Source records: Begin

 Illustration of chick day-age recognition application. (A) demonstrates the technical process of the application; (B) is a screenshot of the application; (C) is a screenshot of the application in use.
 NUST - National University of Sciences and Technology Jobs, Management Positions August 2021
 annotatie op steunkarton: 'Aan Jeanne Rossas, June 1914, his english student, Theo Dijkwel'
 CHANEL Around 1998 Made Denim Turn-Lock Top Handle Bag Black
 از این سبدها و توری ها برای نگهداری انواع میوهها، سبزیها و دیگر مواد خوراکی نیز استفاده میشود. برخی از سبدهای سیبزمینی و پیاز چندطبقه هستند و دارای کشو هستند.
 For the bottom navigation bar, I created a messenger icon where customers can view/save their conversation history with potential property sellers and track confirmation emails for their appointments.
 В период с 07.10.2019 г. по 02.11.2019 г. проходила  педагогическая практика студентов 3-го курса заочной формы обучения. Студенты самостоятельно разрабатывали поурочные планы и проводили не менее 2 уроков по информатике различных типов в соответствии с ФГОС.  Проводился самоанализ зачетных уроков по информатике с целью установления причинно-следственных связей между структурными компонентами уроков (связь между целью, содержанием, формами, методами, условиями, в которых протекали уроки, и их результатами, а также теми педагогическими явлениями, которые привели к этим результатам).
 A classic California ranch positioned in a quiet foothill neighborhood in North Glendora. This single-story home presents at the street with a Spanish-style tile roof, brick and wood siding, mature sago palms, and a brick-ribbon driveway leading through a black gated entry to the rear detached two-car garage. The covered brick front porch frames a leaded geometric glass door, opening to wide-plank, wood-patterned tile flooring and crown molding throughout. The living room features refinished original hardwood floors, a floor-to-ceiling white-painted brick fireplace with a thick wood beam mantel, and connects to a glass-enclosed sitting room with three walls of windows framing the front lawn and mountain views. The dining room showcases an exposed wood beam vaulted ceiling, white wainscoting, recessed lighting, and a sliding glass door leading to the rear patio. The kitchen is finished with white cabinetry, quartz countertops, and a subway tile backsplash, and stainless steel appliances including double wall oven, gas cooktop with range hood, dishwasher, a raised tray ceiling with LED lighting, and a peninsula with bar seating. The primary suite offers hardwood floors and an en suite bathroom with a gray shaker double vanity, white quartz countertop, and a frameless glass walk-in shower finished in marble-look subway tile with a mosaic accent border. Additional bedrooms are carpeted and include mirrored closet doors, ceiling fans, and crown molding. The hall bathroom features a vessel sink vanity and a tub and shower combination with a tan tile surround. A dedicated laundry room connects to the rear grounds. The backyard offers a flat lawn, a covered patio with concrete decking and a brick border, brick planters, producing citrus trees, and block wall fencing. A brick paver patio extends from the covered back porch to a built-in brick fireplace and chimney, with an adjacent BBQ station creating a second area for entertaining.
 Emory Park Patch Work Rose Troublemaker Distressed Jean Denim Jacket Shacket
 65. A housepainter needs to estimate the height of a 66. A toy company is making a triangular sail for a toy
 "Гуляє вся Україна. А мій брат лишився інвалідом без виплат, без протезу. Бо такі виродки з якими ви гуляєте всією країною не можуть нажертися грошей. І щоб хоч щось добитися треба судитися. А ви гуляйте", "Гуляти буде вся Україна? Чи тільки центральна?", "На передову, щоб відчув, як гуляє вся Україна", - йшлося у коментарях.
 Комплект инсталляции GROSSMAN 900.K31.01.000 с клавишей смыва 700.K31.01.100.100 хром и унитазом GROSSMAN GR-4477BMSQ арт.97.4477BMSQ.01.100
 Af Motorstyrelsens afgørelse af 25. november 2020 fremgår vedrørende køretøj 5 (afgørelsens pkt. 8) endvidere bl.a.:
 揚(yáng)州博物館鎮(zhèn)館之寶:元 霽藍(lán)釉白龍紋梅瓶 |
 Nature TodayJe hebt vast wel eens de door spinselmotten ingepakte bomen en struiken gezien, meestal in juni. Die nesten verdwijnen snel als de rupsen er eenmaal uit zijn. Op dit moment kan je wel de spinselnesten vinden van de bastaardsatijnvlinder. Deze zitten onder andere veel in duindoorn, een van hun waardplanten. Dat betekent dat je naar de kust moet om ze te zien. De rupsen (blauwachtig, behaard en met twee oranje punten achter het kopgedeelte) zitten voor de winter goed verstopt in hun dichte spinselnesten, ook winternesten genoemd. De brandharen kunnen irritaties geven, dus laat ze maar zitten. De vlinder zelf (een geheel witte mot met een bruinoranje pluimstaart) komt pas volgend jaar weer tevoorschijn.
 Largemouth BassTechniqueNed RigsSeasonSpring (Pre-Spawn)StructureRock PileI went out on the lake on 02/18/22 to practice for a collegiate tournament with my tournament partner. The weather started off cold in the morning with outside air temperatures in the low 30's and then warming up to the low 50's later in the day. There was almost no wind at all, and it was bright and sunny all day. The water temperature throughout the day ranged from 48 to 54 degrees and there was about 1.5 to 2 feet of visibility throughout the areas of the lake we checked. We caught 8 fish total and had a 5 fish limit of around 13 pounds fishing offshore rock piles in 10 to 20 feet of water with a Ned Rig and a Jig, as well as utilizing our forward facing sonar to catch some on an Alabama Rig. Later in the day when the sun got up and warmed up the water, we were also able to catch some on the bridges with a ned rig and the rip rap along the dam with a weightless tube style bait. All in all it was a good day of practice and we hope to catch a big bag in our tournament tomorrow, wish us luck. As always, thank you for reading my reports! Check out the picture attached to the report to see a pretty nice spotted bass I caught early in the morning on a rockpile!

Source records: End

» Exercise brief
Please copy the lines in the records above between the one holding "NUST - National" and the one holding "از این سبدها", inclusive, exactly and with no other line.

» Response
 NUST - National University of Sciences and Technology Jobs, Management Positions August 2021
 annotatie op steunkarton: 'Aan Jeanne Rossas, June 1914, his english student, Theo Dijkwel'
 CHANEL Around 1998 Made Denim Turn-Lock Top Handle Bag Black
 از این سبدها و توری ها برای نگهداری انواع میوهها، سبزیها و دیگر مواد خوراکی نیز استفاده میشود. برخی از سبدهای سیبزمینی و پیاز چندطبقه هستند و دارای کشو هستند.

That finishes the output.